The mood has definitely dropped, even more so when SP nearly get a third, “fluffed that” says Tom when the player missed, forcing one BT fan to ask those around him, with a bit of a high pitched shriek, “what is going on this evening?” and for the first time the small band of traveling fans, make themselves heard.

“Fucking hell” shouts someone, “liven the fuck up” says someone else, from the near stunned pack behind us, SP taking full advantage of the extra man, score again. Now when the home fans chant or sing, its almost sounds like a plea, to just get over the finish line, “come on Billericay”, “come on blues”. BT have gone from absolute cruise control, to panic stations. Tensions soon boil over on the pitch, and there is a little bit of argie bargie, that quickly blows over.

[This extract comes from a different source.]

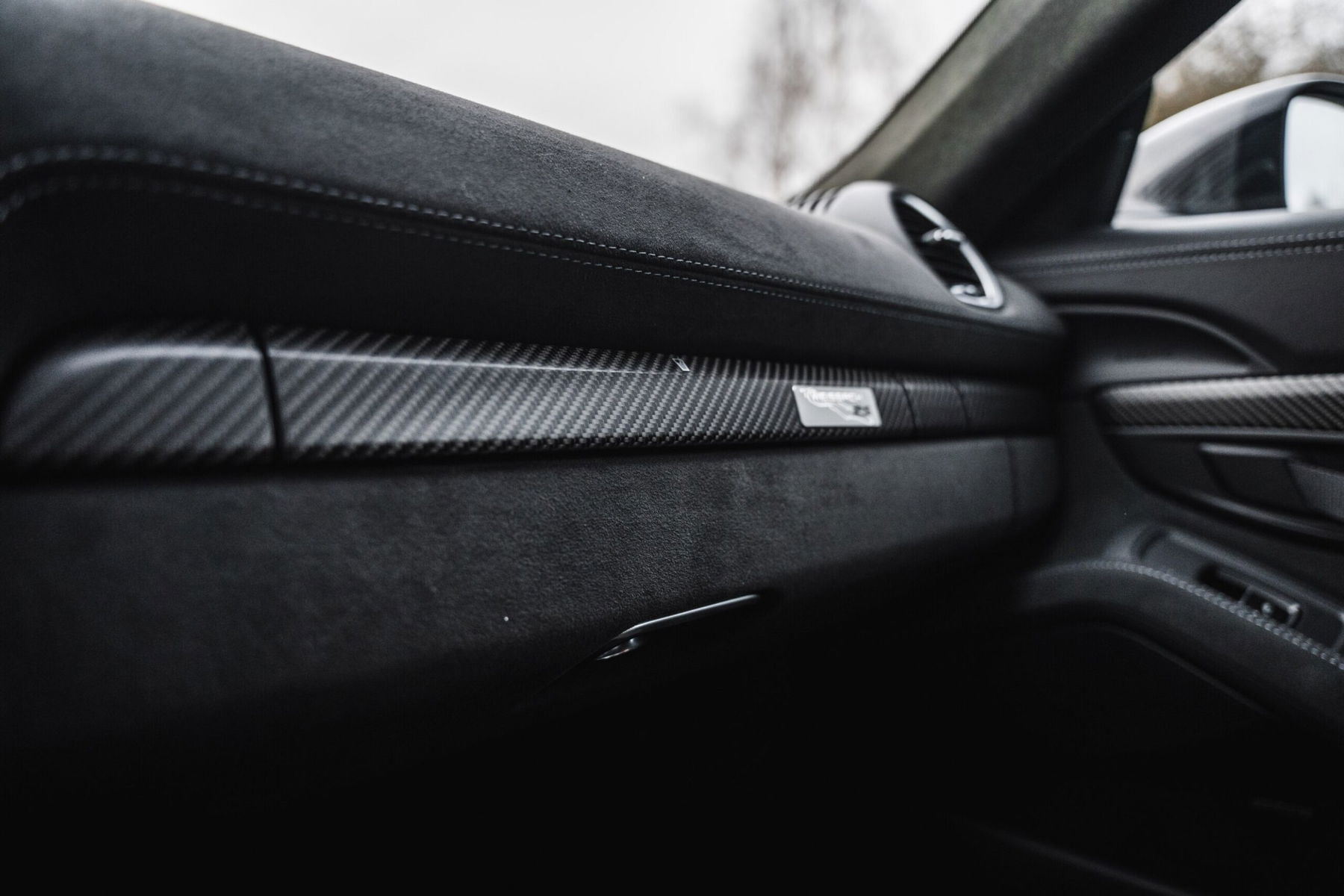 61 Weissach interior package with extended elements in leather and Race-Tex, Black and Arctic Grey

SP’s keeper, who has been getting it the neck since the first minute, is now getting grief for something as simple as cleaning his boots, “stop kicking them, they were new 30 years ago”, barks one fan, when he bangs his studs on the goalpost. Now I’m no psychologist, but I believe this is called ‘projecting’, transferring one's own anxieties on to others, to relieve internal pressure.

Ten minutes to go, and SP fashion another chance, there is a feeling of inevitability from those around us, that the BT ship is going down, in the most spectacular fashion, they are second to every ball, and are frankly all over the place. “You can walk slower than that” suggests a fan to a departing BT player being replaced, one person can’t take the strain and needs medical assistance, “get the heart defibrillator, form an orderly queue”.

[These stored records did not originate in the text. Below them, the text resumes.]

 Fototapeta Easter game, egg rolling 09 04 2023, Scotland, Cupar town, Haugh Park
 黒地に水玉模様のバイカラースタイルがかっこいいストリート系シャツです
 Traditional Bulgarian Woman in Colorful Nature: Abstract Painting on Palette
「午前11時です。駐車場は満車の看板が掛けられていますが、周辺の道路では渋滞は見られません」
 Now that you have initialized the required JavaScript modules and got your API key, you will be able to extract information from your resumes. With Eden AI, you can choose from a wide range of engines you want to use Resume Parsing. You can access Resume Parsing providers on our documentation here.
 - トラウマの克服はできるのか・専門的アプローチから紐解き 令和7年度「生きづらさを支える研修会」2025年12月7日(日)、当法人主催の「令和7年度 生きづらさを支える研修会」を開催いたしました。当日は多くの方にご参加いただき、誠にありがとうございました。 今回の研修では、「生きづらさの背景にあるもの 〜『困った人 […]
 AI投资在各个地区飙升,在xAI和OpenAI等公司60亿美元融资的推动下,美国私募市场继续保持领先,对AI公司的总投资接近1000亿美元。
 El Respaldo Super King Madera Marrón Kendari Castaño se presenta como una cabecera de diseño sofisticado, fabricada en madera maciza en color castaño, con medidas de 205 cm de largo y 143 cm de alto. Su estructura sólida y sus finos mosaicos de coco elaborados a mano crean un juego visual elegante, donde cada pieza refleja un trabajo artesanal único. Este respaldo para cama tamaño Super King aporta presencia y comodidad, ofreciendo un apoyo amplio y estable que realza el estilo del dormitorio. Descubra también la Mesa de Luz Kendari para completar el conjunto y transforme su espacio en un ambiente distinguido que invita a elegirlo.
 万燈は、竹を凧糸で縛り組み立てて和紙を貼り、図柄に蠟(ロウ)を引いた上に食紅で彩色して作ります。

“Looked like a penalty to me” says Howard Webb in a cupboard or Tom to you and I, when an SP player is felled in the BT box. The away side continue to get closer and closer to an equaliser, it's BT’s turn to be camped out in their half. Every SP shot, pass or tackle is followed by a chorus of jittery “ohhhs” and “ahhhs”.

I can think of slightly more pleasant ways to describe going home, than “let's make like baby and head out”, but this is exactly what one leaving BT fan says to his small group, who perhaps are unable to bare anymore of the match, which has descended into a error ridden, last days of Rome, headless chicken, please don't let us fuck this up-athon.

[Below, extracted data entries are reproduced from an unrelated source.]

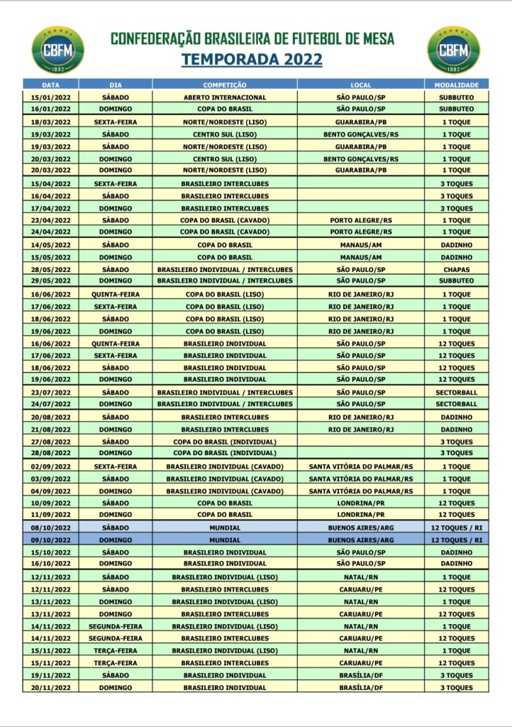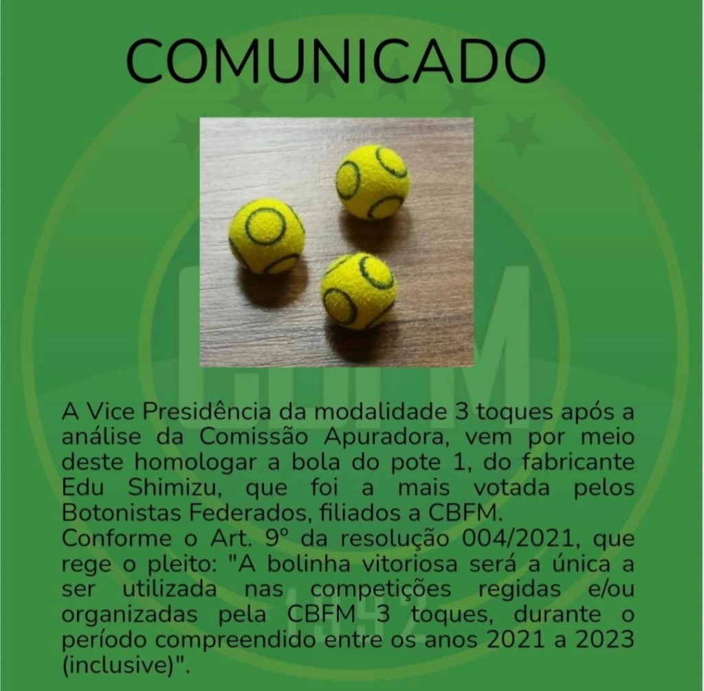 Art. 1° A bolinha a ser empregada nas competições regidas e/ou organizadas pela CBFM 3 toques no período compreendido entre 2021 e 2023 (inclusive) será a do pote 1 (EVA amarela), do fornecedor Eduardo Schimizu.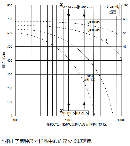 预热温度600–850℃。推荐的奥氏体化温度:1050-1080℃,保温30分钟。
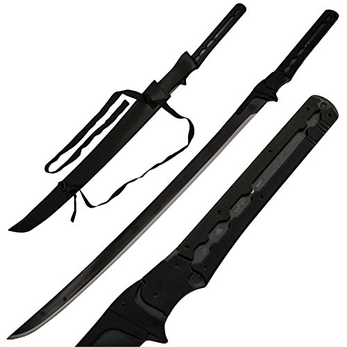 This is a replica of the High Frequency blade used by Raiden in the new Konami game: Metal Gear Rising: Revengeance. This immaculate sword is all one piece hand crafted construction from top to bottom. The Full Tang blade offers a 1045 High Carbon Steel construction with a sharp edge and mirror polish finish. Imbedded within the Katana like looking blade are metal screws as depicts in the exact replica sword carried by Raiden in the Metal Gear video game. The HF blade was used predominantly by the Cyborg Ninjas Gray Fox, Olga Gurlukovich and Raiden, though it was also employed by Solidus Snake and the Arsenal Tengu. The HF blade also saw high usage among soldiers during the 2010s, as several cybernetic bodyguards were seen using them to cut down enemy soldiers in 2018. The handle and blade is all one piece which makes this remarkable sword a Full Tang construction. The handle features ABS inserts which is held together by screws for a more Metal Gear looks and feel. This Metal Gear Raiden HF Sword comes equipped with a durable black faux leather sheath with a large belt loop and two nylon straps to go around your waist line. Here it is my Metal Gear fans, a sword you have asked for and a sword worth buying so you can feel part of the game.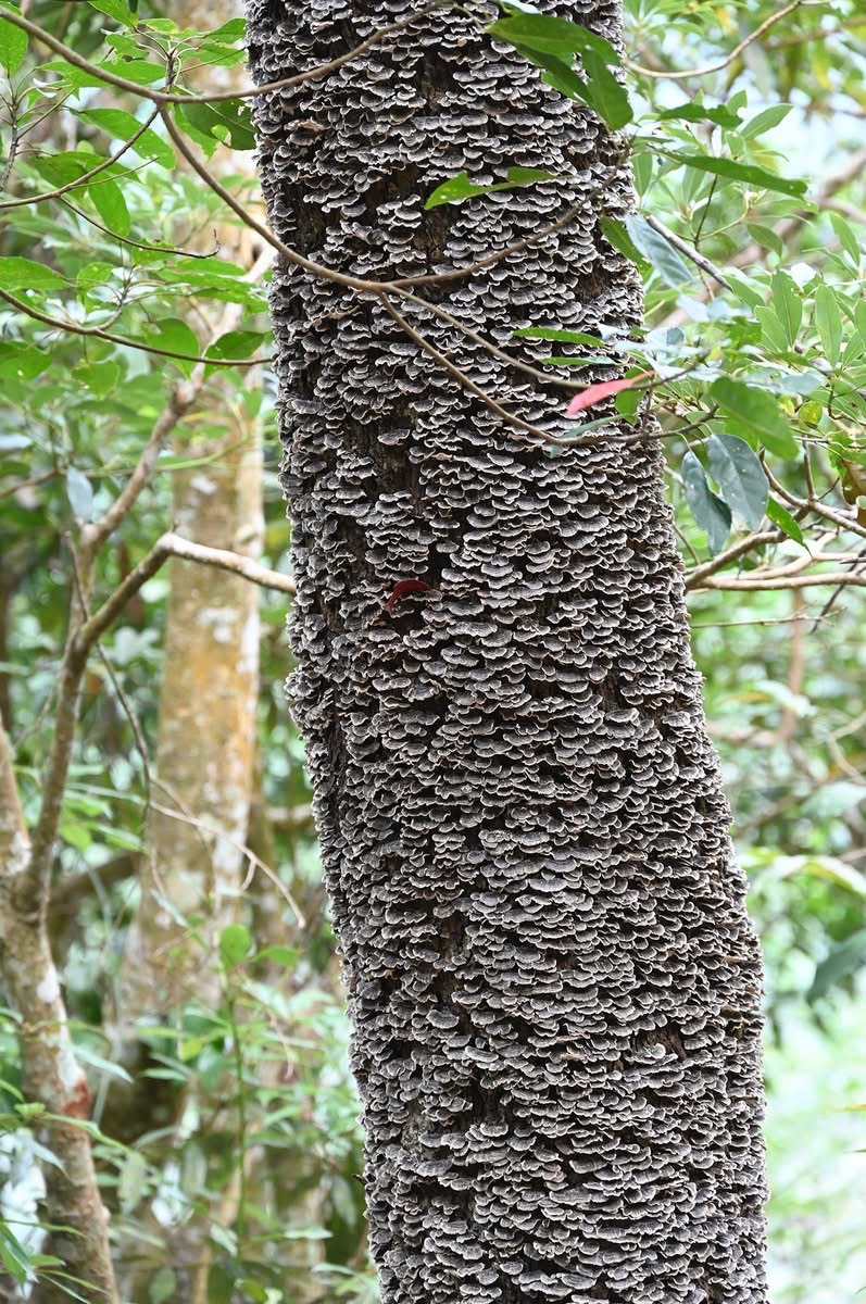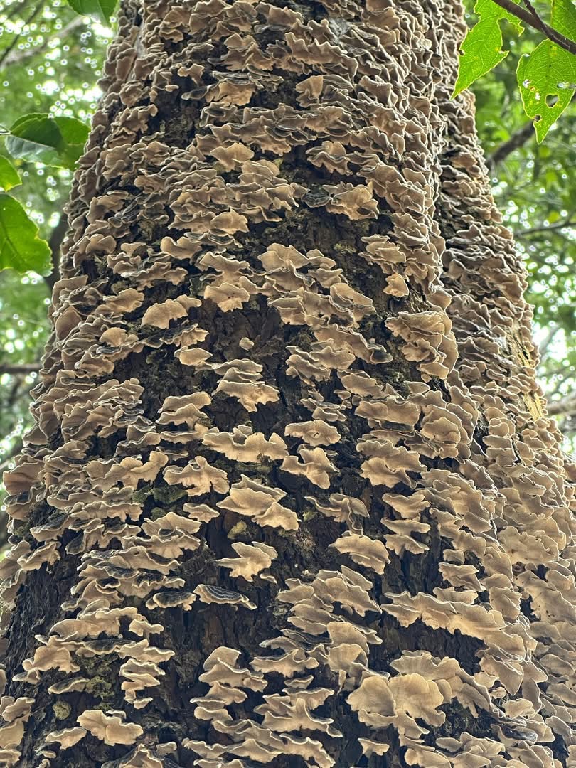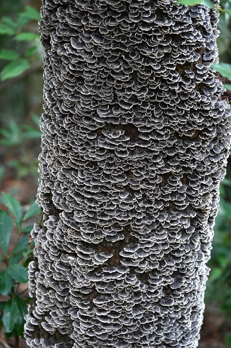 (原生種;其種加詞 versicolor意為變色的、顏色多樣的;維基百科標名雲芝,別名彩雲革蓋菌、瓦菌,附有照片;寄生枯木之真菌;菌體無柄;菌蓋半圓形至貝殼狀,表面粗糙,邊緣波浪狀,呈覆瓦狀或蓮座狀)

“Bring me sunshine” plays over the tannoy on the full whistle, beautiful glossing over the previous ninety minutes of madness. There is an almighty cheer from the fans behind the goal, which undoubtedly is tinged with a huge dose of relief. The players applaud the fans, and the fans reciprocate, as they leave the pitch, each side of the fenced off corridor, is lined with people who continue to clap and praise them.

On our way out of what is now a very, very windy New Lodge, I get a glimpse first of the board room, like Oliver peering through the window into Scarface's opulent living room, with carved glass inlay doors, and then the new toilets, which are decorated with some black sparkling materiel, straight out of Liberace's house.

It may be worth putting New Lodge high up on your list of grounds to visit, if its only to see the vaulted ceilings of the clubhouse, the most dazzling toilets in non-league football, or simply because I get the feeling more change is on the wind, and it might look a lot different in the not to distant future.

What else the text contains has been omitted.